Nowadays it is called this way, but the old name was Portal del Comisario because in it had house the Commissioner of the Inquisition, whose court, secret chamber and chamber of torment, were built near the Cathedral, long before the Chapel of the Sagrada Familia. Until 1895 it was indistinctly called Portal de Carnes and Portal de Zapatos, because of the stalls that sold these items there.
It is small and has an uneven floor. It forms an angle with the Portal de Carnes, and he/she has the name of Portal de Harinas because there they sold this article in sacks aligned along the wall. Previously it was called Portal de Carbajal, because the first house was built by Don Francisco de Carbajal, the Demon of the Andes, who after the defeat of Jaquijahuana was sentenced by his victor, the lawyer Don Pedro de la Gasca to be dragged, beheaded and quartered. The Spaniards of that time gave it the name of Portal del Mármol de Carbajal, a name that the vendors of the Plaza Mayor market have replaced with the one it has today.
The houses that there are in that portal located next to the already named, were built on the ruins of the Palace of the Inca Pachacutec, in which the conqueror Francisco Pizarro took lodging, and turned it later into prison of some of his enemies. In the time of the Corregidor Suarez de Carbajal it was called "Portal de la Bofetada", because of the sacrilege mentioned by the Franciscan Father.
The story goes that a girl wanted to buy "Chutacas with Cinnamon", which they did not want to sell, until in her defense, the Father Bursar, eager to please the girl, ordered the tonsured man to give up the real of bread and as he was not obeyed at the moment, he raised his arm and gave the Father such a strong slap, that he fell to the ground. The people who were in the Portal raised a great roar of protest, while the Corregidor walked away taking the girl by the arm. Then the mercedario, wiping the blood that came out of his mouth and looking at the Corregidor, exclaimed: "You wretched swordsman, you will not die a good death". The prognosis had fatal fulfillment the night June 24 of the year 1549 that the carpenter Vicente Corbanál killed the first Corregidor of Cusco.
The people of yesteryear called it "Portal de Fonderias", because the poor people and the vendors of the market of the main square, went at nine in the morning and at three in the afternoon to satisfy the hunger in the smoky hovels established there. Much later, in the time of Bishop Ocón, a black freedwoman named María, settled in that doorway and dedicated herself to making nougat and confectionery, from which the name of the place derives.

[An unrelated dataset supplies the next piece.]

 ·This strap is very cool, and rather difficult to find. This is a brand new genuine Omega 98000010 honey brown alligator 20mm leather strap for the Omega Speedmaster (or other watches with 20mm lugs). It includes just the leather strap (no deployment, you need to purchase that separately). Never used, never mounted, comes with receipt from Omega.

It was so called because of the stores that the Jewish and Spanish mercedarios had there, who filled their piggy bank selling mercedarias from overseas, cloth from Segovia and famed Castilla, so esteemed by the women of the populace. Already at the time of the Emancipation it was called "Portal de ropa-vejeros", which any reader will explain.

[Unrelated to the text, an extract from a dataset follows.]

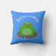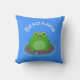 Este sapo verde giro e feliz sentado em uma almofada de lírio roxa é brilhante e adorável. Muita diversão anfíbia desenhada no estilo de animação feliz.

It was called "Portal de Sastres", until the Jesuit Convent was inaugurated with fifty friars who settled in the three cloisters of the spacious convent; whose construction, including that of its beautiful temple, was directed by Jesuit architects and priests in Italy. It took them only seventeen years to complete such a vast building, and all the work was supervised by Father Francisco Patiño. According to ancient accounts, there is a great treasure hidden in the vault of the temple.
It has that name since colonial times because the owners of the stores located in that portal, grouped in front of the pillars, forming bundles, reeds and sticks called maguey, which were highly sought after by rocket makers and sculptors. The people called it "Soqos qhatupúrtal".
Bishop Ocon, at the request of the secular Cabildo in 1645, declared Our Lady of Bethlehem as Patroness of the Arms and Patroness of our city; and Don Idelfonso de Gandarillas, lobbyist and owner of one of the houses of the said portal put a sign near the street door saying: "This is Portal de Belen".